Archive for September, 2007

China attempts to curb speculative real estate investment

Posted by KoolAidMan on September 28th, 2007

In contrast to anything that was done in the United States during the run of the current housing bubble, China raised mortgage interest rates to counter property speculation that is driving up home prices.

Authorities have announced a string of measures intended to cool surging property prices and discourage speculative investments.

Property prices jumped 8.2 percent in August from a year earlier after gaining 7.5 percent in July, according to government figures.

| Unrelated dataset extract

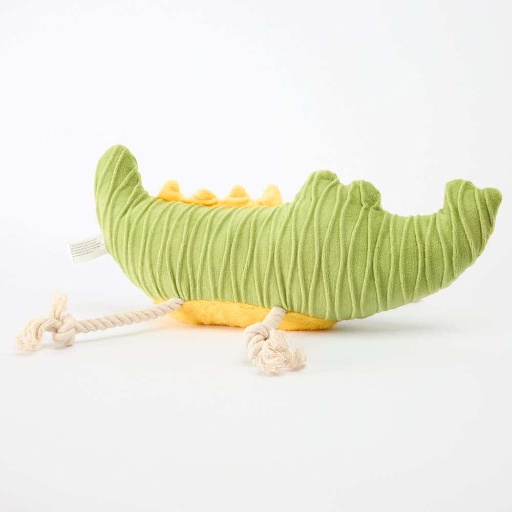 The Paws for Life Recycle Life Ripple Crumple Crocodile Dog Squeaker Toy is a thrilling, eco-friendly toy for your dog, with the filling made from recycled plastic bottles. This playful crocodile combines a unique water-ripple fabric with durable rope accents, offering a variety of textures for both cuddling and tugging.

The rate of increase in China’s major cities, such as Shanghai and Beijing, has been even steeper.

It looks like citizens of China are drinking the American Kool-Aid too!

Buyers of second residential properties are also required to make minimum downpayments of 40 percent, up from the previous 30 percent, said the People’s Bank of China in one of the postings on its Web site.

I could only guess that had downpayments of 30% been required on second homes in the United States, home prices wouldn’t have gone up the way they did. It will be interesting to see if this really does have any effect on curbing prices. I wonder if China has late-night infomercials telling people how they can build million dollar real estate portfolios with no money down!

Mortgage rates rise (again)

Posted by KoolAidMan on September 27th, 2007

CNN has an article describing how mortgage rates rise for the third week in a row. This is in spite of the cut in the overnight federal funds rate, which was supposed to help buffer our economy from a fall.

In its latest report, Freddie Mac said rates on 15-year fixed-rate loans averaged 6.09 percent in the latest week, up from 5.98 percent last week. A year ago, the 15-year rate averaged 5.98 percent.

Five-year adjustable-rate mortgages (ARMs) averaged 6.15 percent this week, down from 6.21 percent last week.

A year ago, the 5-year ARM averaged 6.00 percent.

One-year ARMs averaged 5.60 percent this week, down from 5.65 percent last week. They were at 5.47 percent this time last year.

This is sure not to help the struggling housing market. At least the ARM holders are getting a slight sense of relief.